(Beginning of Information provided)
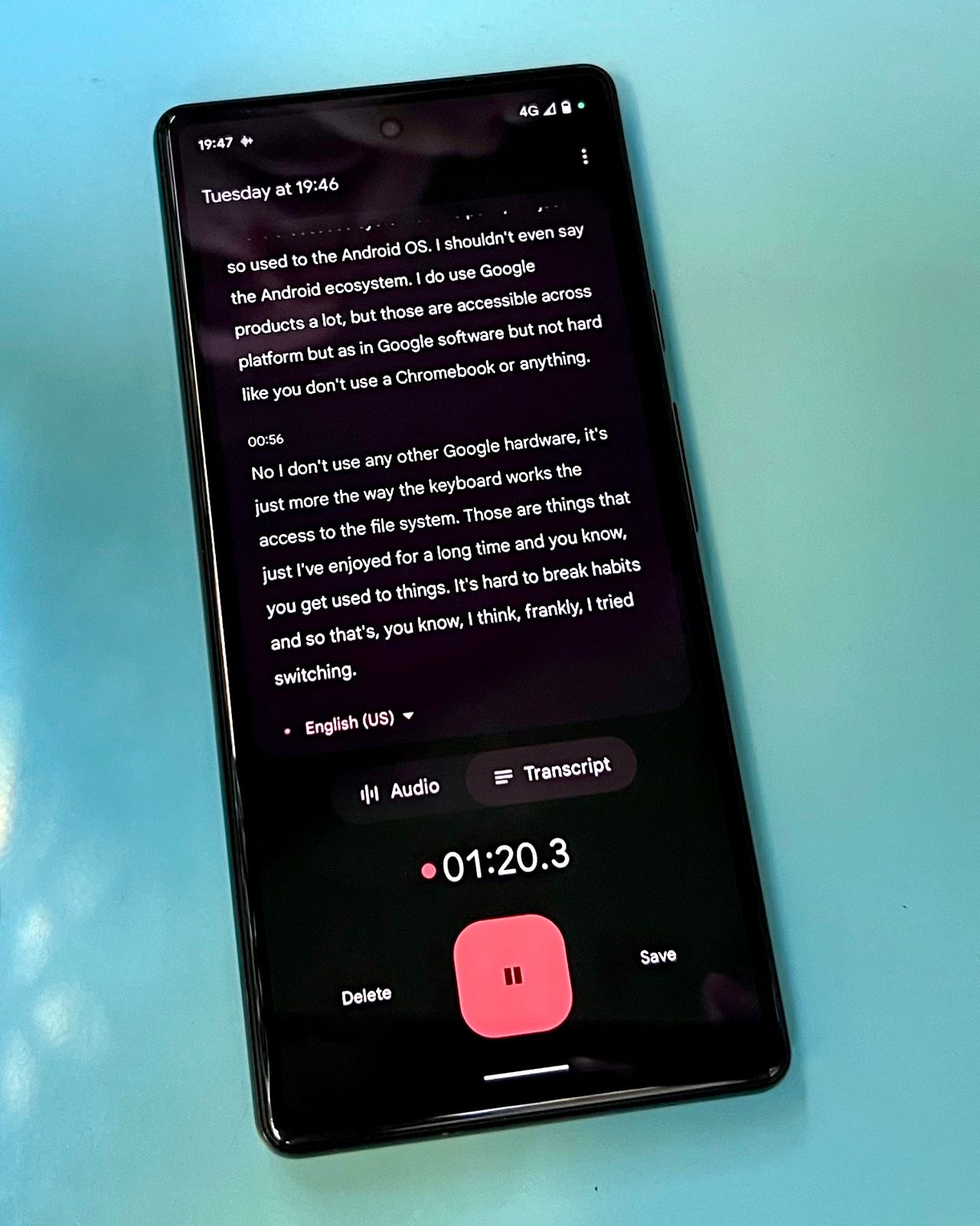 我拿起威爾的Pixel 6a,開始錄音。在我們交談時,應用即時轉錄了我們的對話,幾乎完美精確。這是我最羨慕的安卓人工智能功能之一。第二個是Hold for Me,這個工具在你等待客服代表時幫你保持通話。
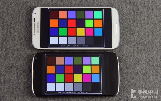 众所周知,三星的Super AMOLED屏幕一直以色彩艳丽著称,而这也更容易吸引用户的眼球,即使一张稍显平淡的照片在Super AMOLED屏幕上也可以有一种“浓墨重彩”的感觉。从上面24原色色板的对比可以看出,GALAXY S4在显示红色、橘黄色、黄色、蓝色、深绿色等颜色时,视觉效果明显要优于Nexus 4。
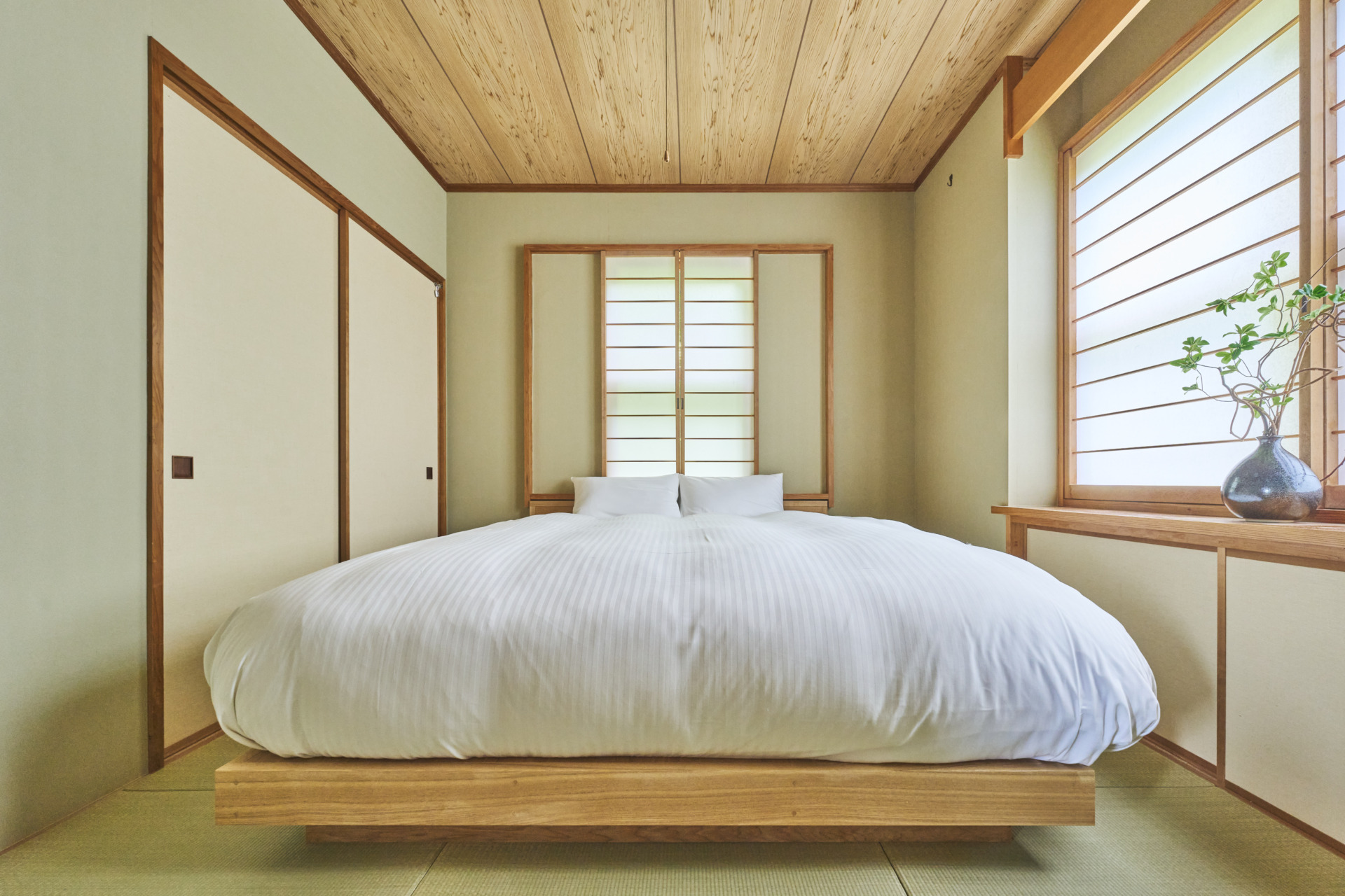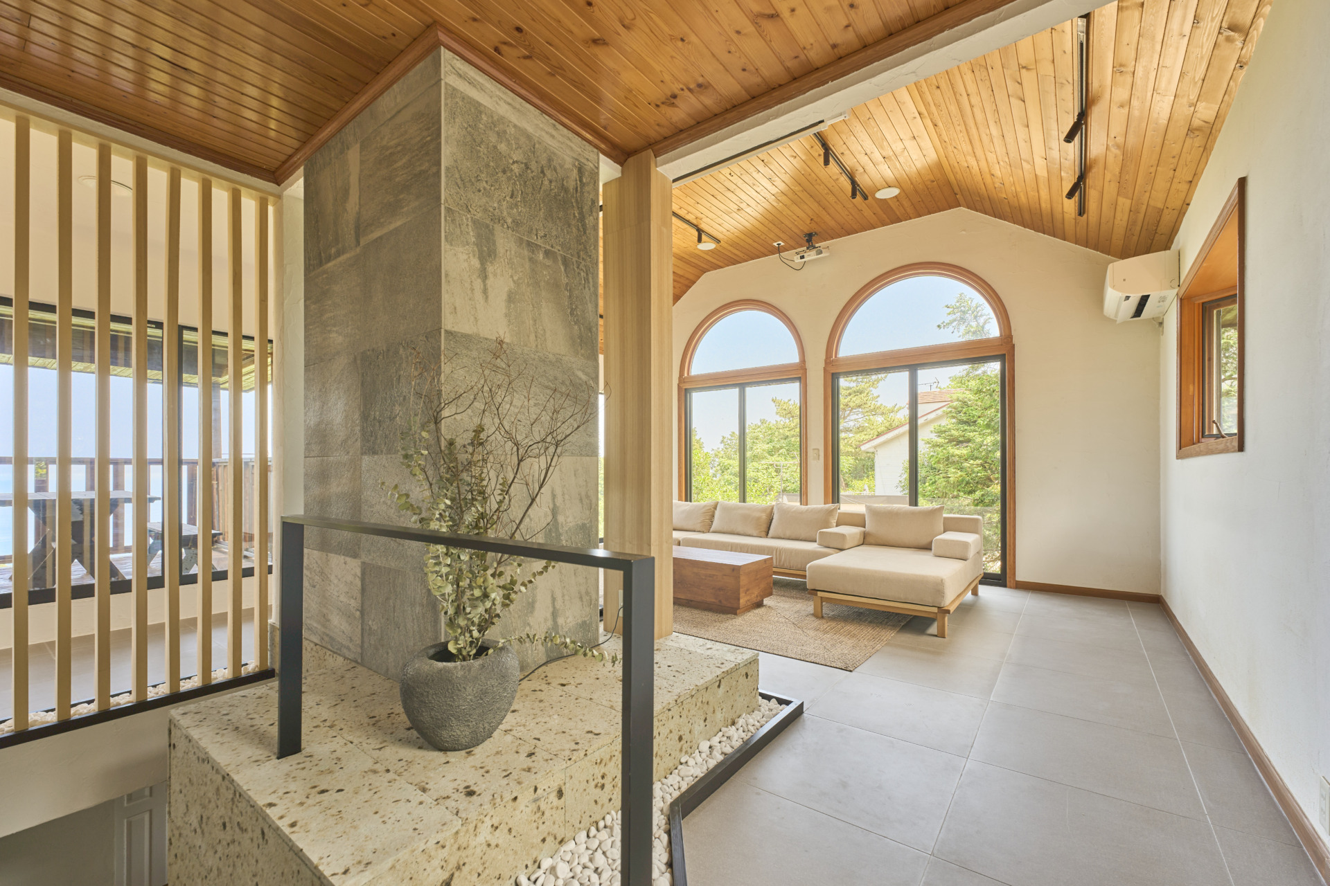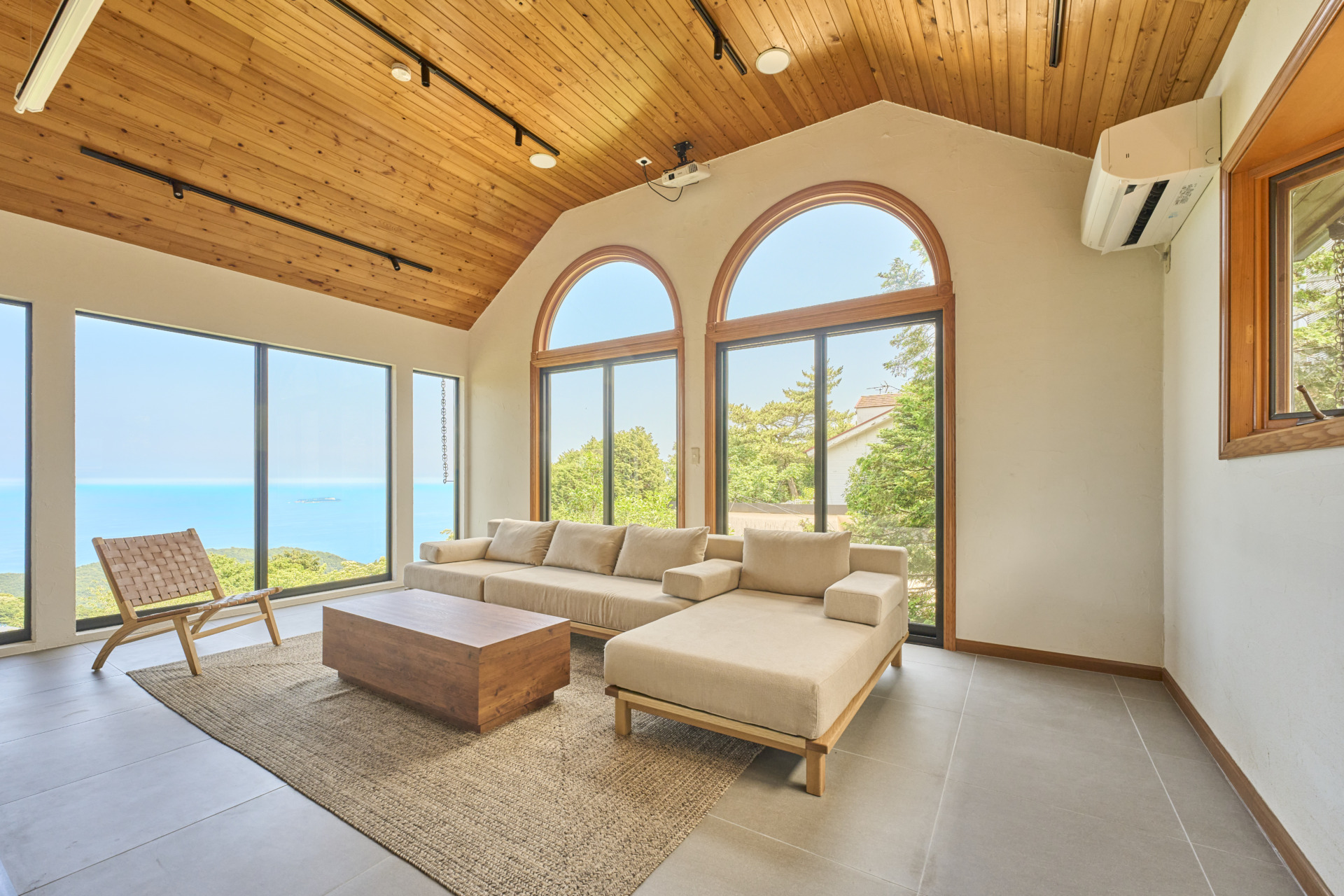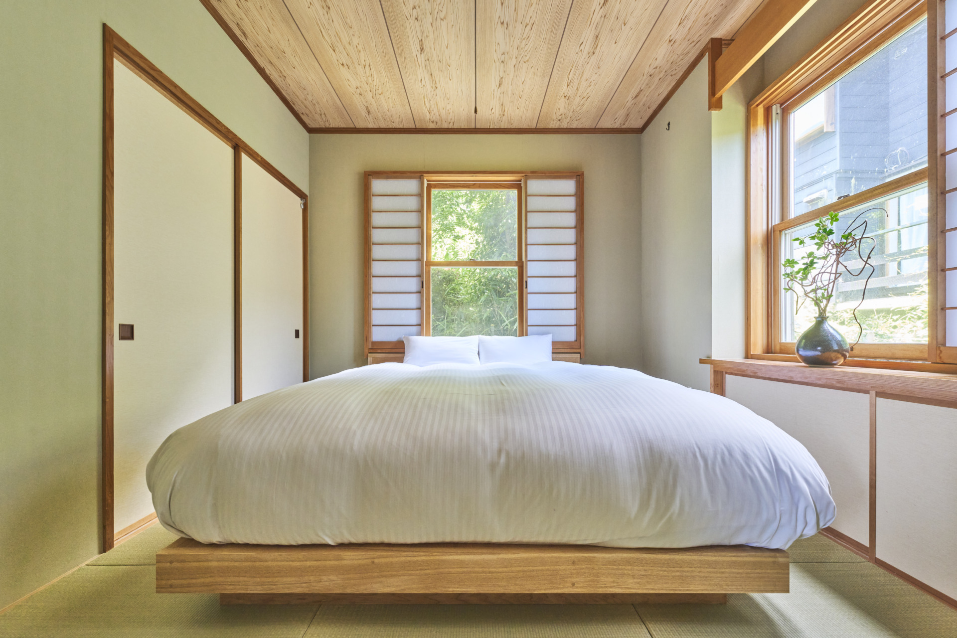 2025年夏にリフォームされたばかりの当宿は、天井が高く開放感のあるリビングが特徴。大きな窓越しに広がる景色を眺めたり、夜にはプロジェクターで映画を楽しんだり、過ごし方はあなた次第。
(End of Information provided)
(Beginning of Information provided)
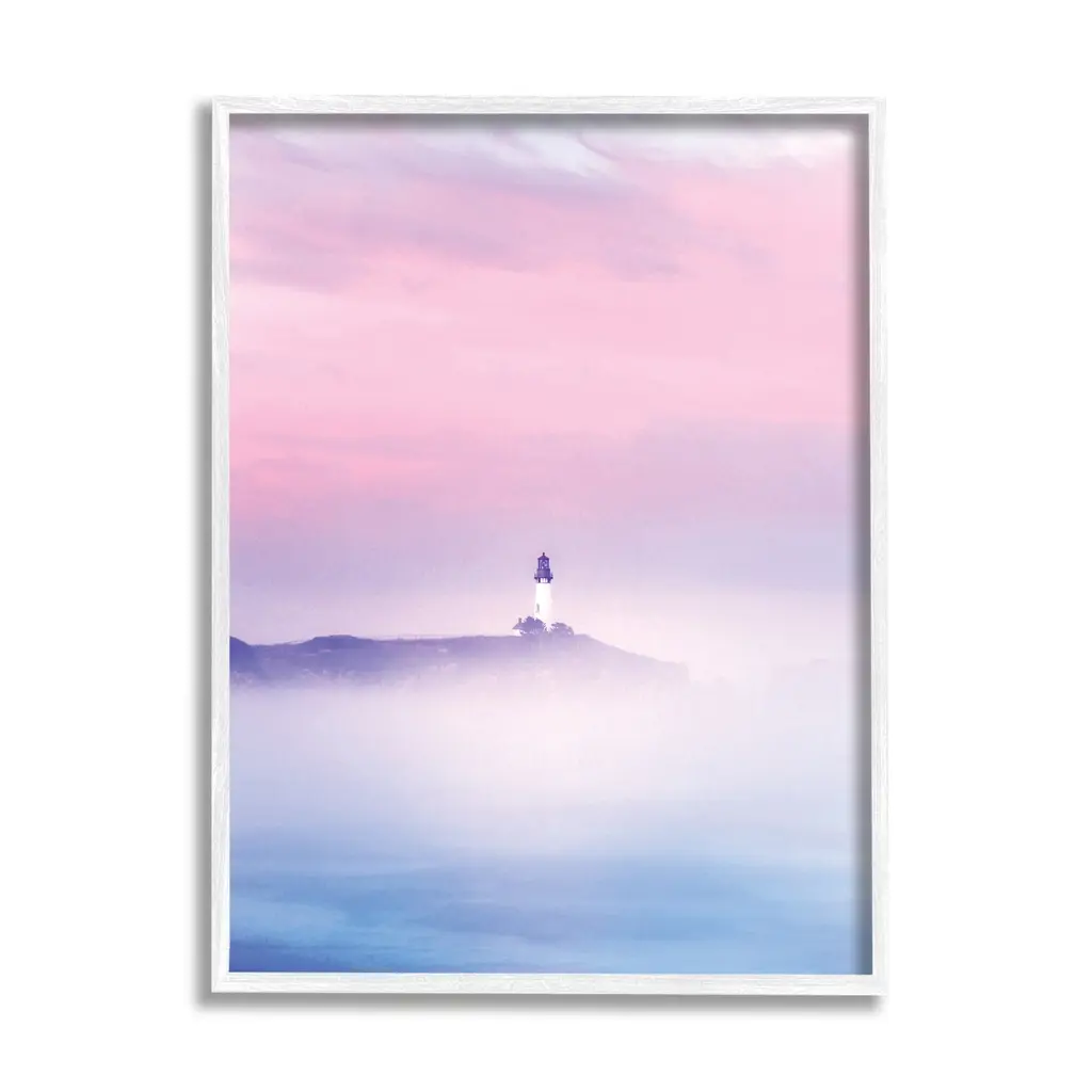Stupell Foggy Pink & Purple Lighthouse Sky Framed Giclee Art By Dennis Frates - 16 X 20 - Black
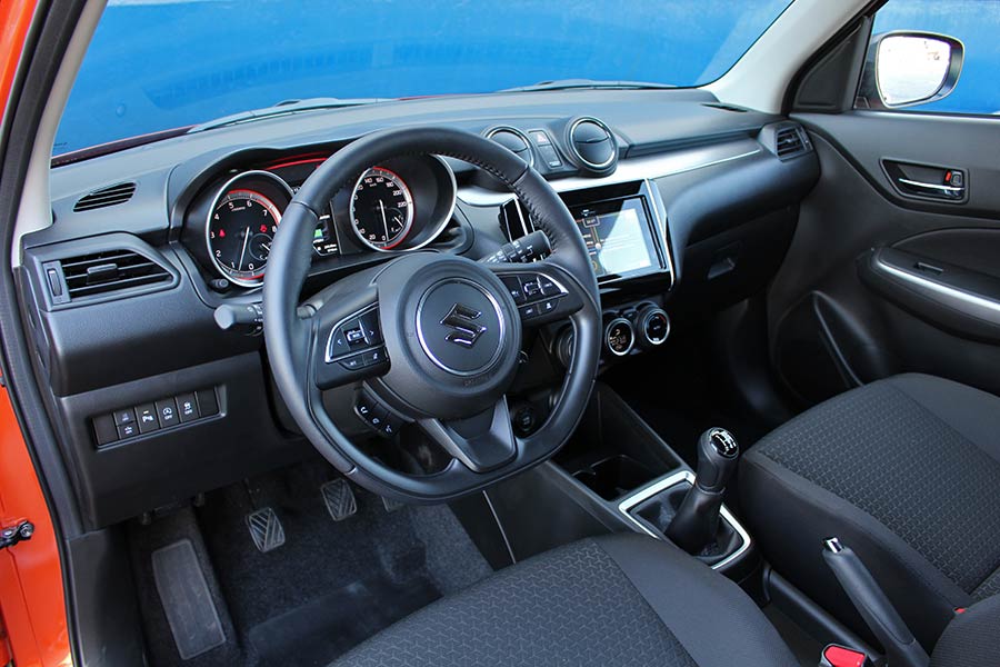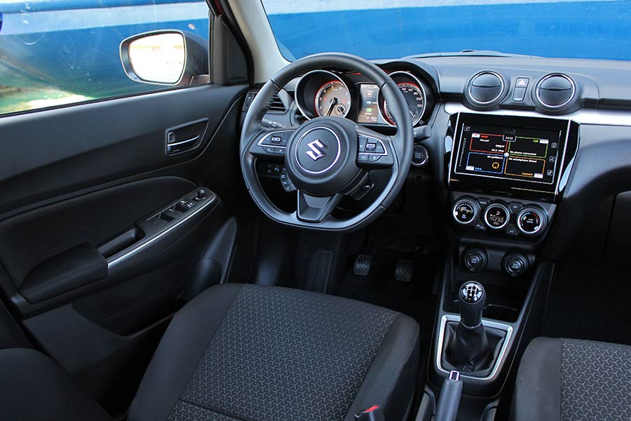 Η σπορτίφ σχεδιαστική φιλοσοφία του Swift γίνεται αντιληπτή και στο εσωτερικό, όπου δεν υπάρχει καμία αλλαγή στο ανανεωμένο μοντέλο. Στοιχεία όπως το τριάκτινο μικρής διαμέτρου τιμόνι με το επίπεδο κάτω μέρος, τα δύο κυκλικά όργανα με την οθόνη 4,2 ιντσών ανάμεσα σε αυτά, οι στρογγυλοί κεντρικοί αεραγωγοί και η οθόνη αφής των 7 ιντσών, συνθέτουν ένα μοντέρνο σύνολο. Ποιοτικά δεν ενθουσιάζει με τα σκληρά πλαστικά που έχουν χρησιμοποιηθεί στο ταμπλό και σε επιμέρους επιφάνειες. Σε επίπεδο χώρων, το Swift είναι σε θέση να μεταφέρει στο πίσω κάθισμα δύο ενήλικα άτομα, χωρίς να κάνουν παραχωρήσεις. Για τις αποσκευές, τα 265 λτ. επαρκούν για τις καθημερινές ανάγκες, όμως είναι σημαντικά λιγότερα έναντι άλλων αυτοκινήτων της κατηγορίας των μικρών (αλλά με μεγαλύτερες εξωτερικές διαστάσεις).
(End of Information provided)
> _Task directions_
Only the lines above starting with the line with "Stupell Foggy Pink" and going on through the line with "Η σπορτίφ σχεδιαστική" belong in the answer; repeat them exactly, minus any picture.

> _Output of the exercise_
Stupell Foggy Pink & Purple Lighthouse Sky Framed Giclee Art By Dennis Frates - 16 X 20 - Black
 Η σπορτίφ σχεδιαστική φιλοσοφία του Swift γίνεται αντιληπτή και στο εσωτερικό, όπου δεν υπάρχει καμία αλλαγή στο ανανεωμένο μοντέλο. Στοιχεία όπως το τριάκτινο μικρής διαμέτρου τιμόνι με το επίπεδο κάτω μέρος, τα δύο κυκλικά όργανα με την οθόνη 4,2 ιντσών ανάμεσα σε αυτά, οι στρογγυλοί κεντρικοί αεραγωγοί και η οθόνη αφής των 7 ιντσών, συνθέτουν ένα μοντέρνο σύνολο. Ποιοτικά δεν ενθουσιάζει με τα σκληρά πλαστικά που έχουν χρησιμοποιηθεί στο ταμπλό και σε επιμέρους επιφάνειες. Σε επίπεδο χώρων, το Swift είναι σε θέση να μεταφέρει στο πίσω κάθισμα δύο ενήλικα άτομα, χωρίς να κάνουν παραχωρήσεις. Για τις αποσκευές, τα 265 λτ. επαρκούν για τις καθημερινές ανάγκες, όμως είναι σημαντικά λιγότερα έναντι άλλων αυτοκινήτων της κατηγορίας των μικρών (αλλά με μεγαλύτερες εξωτερικές διαστάσεις).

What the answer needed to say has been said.